JOANNE Garnett will start a degree at the age of 53 next month despite having to suspend her studies due to a tennis-ball sized brain tumour.

The Easingwold single parent, who has been the sole carer of her now teenaged autistic son since birth, has been offered a place on York College & University Centre’s BA 3D Creative Practice course, having recovered from two 12-hour operations to complete her Access to Higher Education Diploma.

Joanne returned to campus last September having been diagnosed with a brain tumour two-and-a-half years earlier.

By that point, in March 2020 at the start of the Covid-19 pandemic, her studies at Sim Balk Lane had grown increasingly challenging, as she took “pain relief like sweets” just to get through her College days.

At other times, she would spend whole days vomiting and unable to get out of bed, as her migraines, dizzy spells and balance issues intensified.

Having previously dropped out of York College when she studied fashion design after leaving school at the age of 16, though, Joanne was determined to see this course through.

“If I'm honest, I didn't apply myself to that fashion course and left after a year,” she recalled. “It wasn’t the college’s fault at all. It was totally mine, but I vowed to return one day and, when I did, I loved it.

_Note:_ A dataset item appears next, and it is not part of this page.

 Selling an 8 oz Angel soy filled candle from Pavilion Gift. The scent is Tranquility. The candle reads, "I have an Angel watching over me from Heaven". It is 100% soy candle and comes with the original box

“I’ve worked in offices, as a cleaner and as a carer for my son. He is the most important person in my life and I wouldn't change him for the world, but studying at York College has provided me with another purpose and desire.”

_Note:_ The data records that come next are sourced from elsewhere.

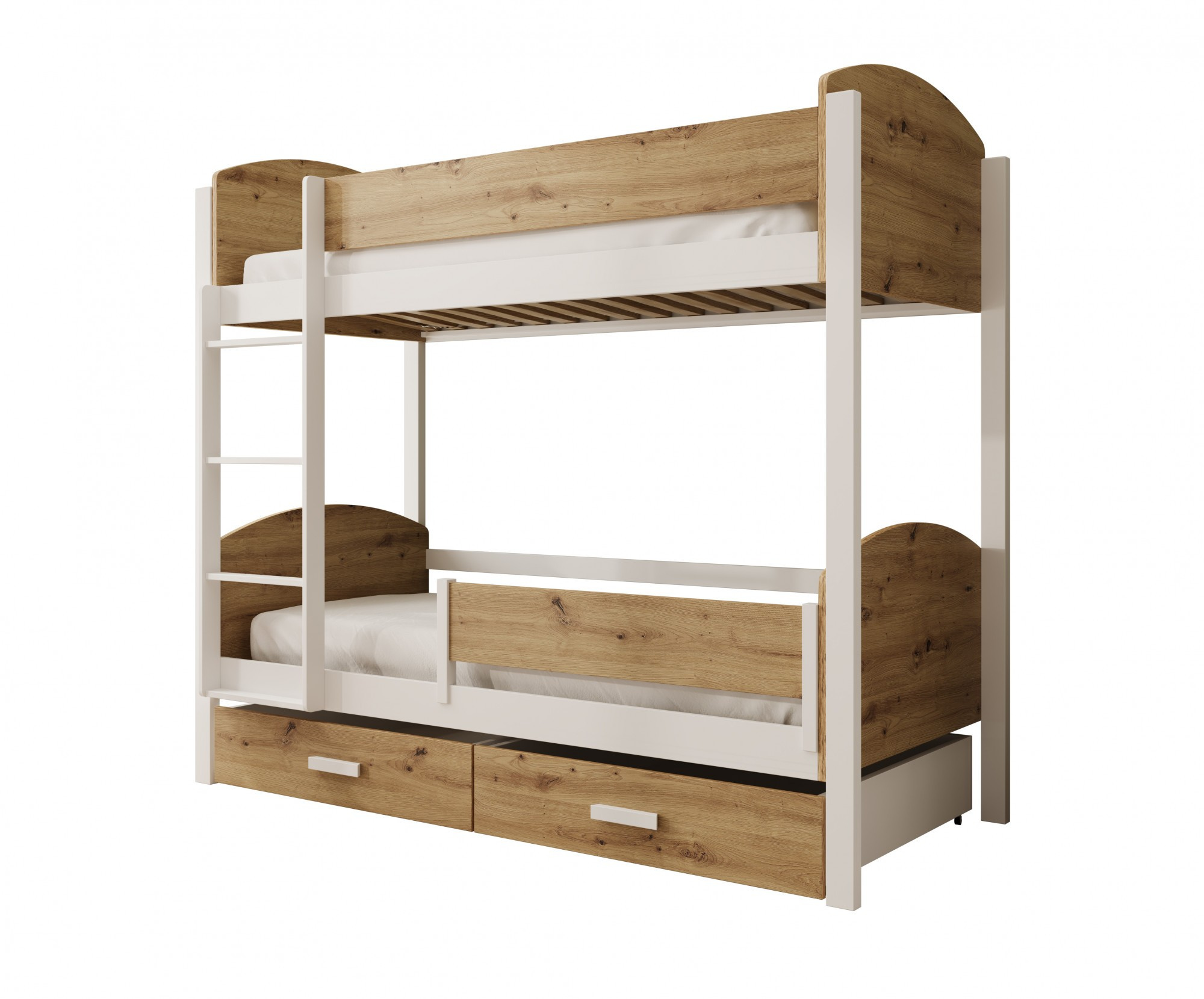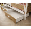 A Jori emeletes ágy leesésgátlóval kiváló választás azoknak a szülőknek, akik funkcionális és stílusos megoldást keresnek a gyerekszobába. Átgondolt kialakításának köszönhetően nemcsak kényelmes alvóhelyet biztosít két személy számára, hanem további tárolóhelyet is. A két tágas fiók az alsó ágy alatt ideális hely ágyneműk, játékok, ruhák vagy más gyerek kiegészítők tárolására, ami segít rendet tartani a szobában. A Jori ágy korláttal ötvözi a modern dizájnt a magas színvonalú kidolgozással, ami biztosítja, hogy sok éven át szolgálni fog. Masszív szerkezet és biztonságos, lekerekített élek biztosítják a kényelmet és biztonságot a kisgyermekek számára, míg a kiegészítő védőkorlát garantálja a nyugodt alvást kiesés kockázata nélkül. Ennek köszönhetően az ágy mind a fiú, mind a lány szobájába illik, otthonos és funkcionális légkört teremtve a belső térben.
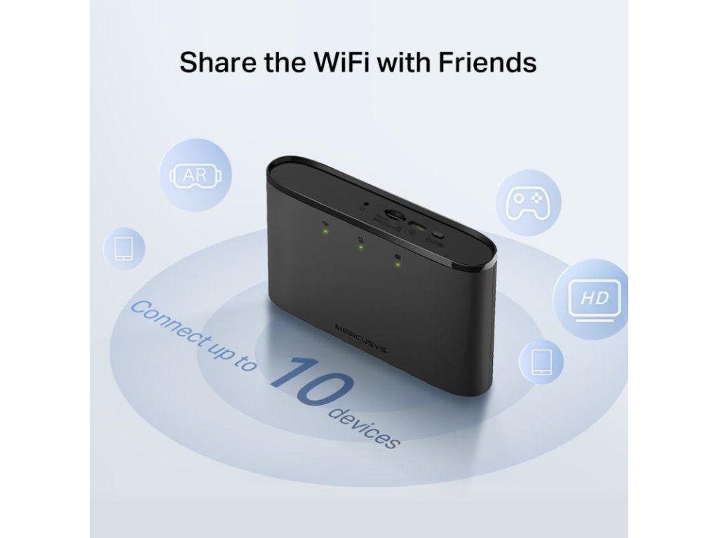 Veľké množstvo bezdrôtových zariadení je kompatibilných s týmto malým mobilným hotspotom. MT110 podporuje až 10 súčasných pripojení pre tablety, laptopy, mobilné telefóny a ďalšie zariadenia.
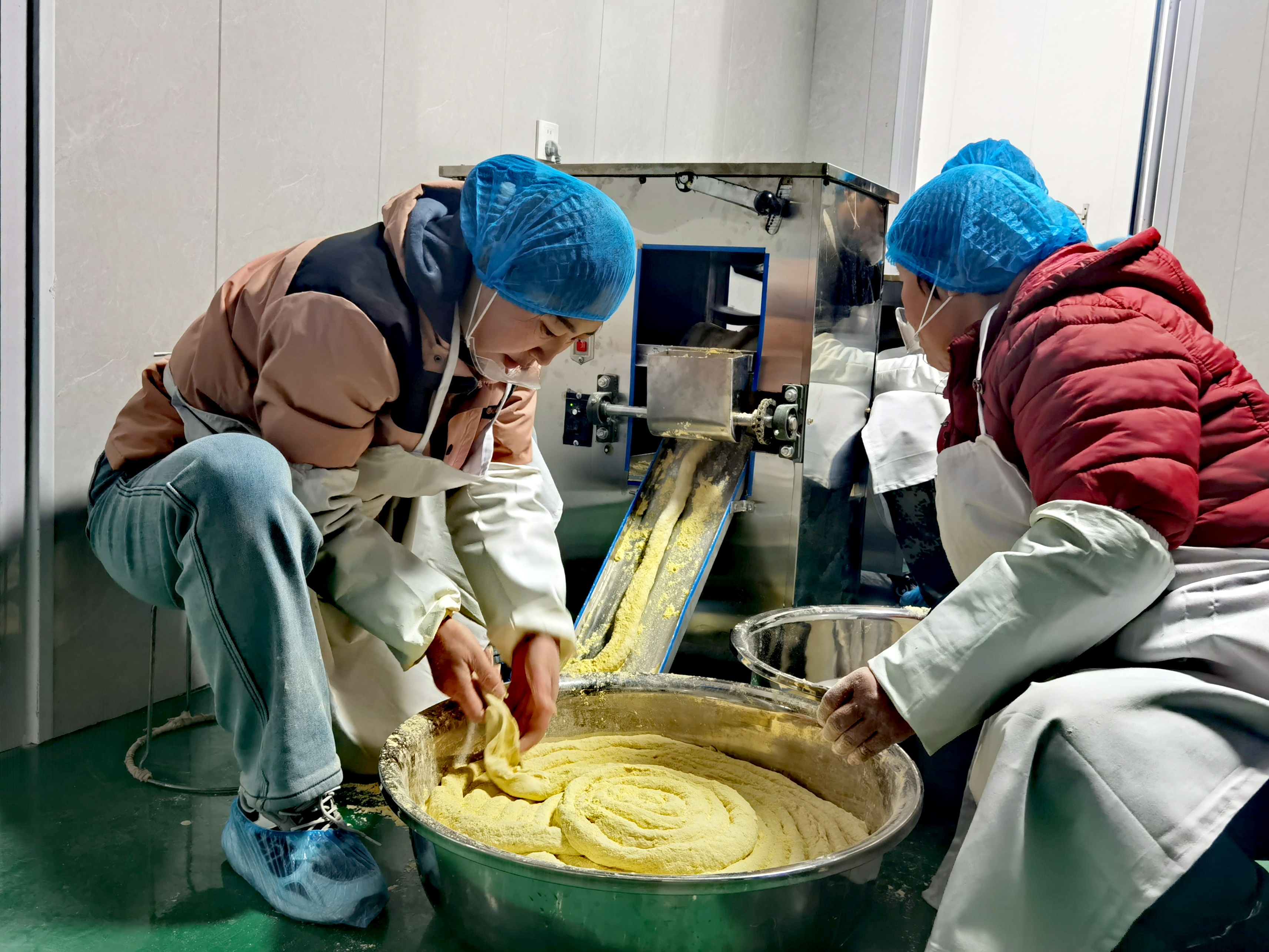 村“两委”经多方考察、反复论证,启动农产品深加工项目,升级改造厂房,同步引进空心挂面、水饺、磨面三条生产线,推动传统农业向高附加值产业转型。

Joanne’s extensive surgeries meant her jaw had to be broken to reach the tumour, requiring repairs to her skull, which included the insertion of metal plates.

“I’ll definitely bleep going through airport security,” added Joanne, who has never lost her sense of humour.

She has, however, been left with double vision if she looks to her right or downwards, a complete loss of hearing in one ear and continued balance issues, as well as no feeling at all in her left eye or the left side of her face.

None of those disabilities held her back, however, as she completed her access course studies.

Nor will they stand in her way as she begins her degree and looks to the future.

“After my surgeons had worked that length of time to give me my life back, I was determined not to be a victim, so I wanted to return to my studies and complete what I started and the college have been so supportive,” Joanne pointed out.

“I’ve always been interested in making masks and armour and maybe using my skills in film or theatre, but my future course may possibly take me in a different direction.”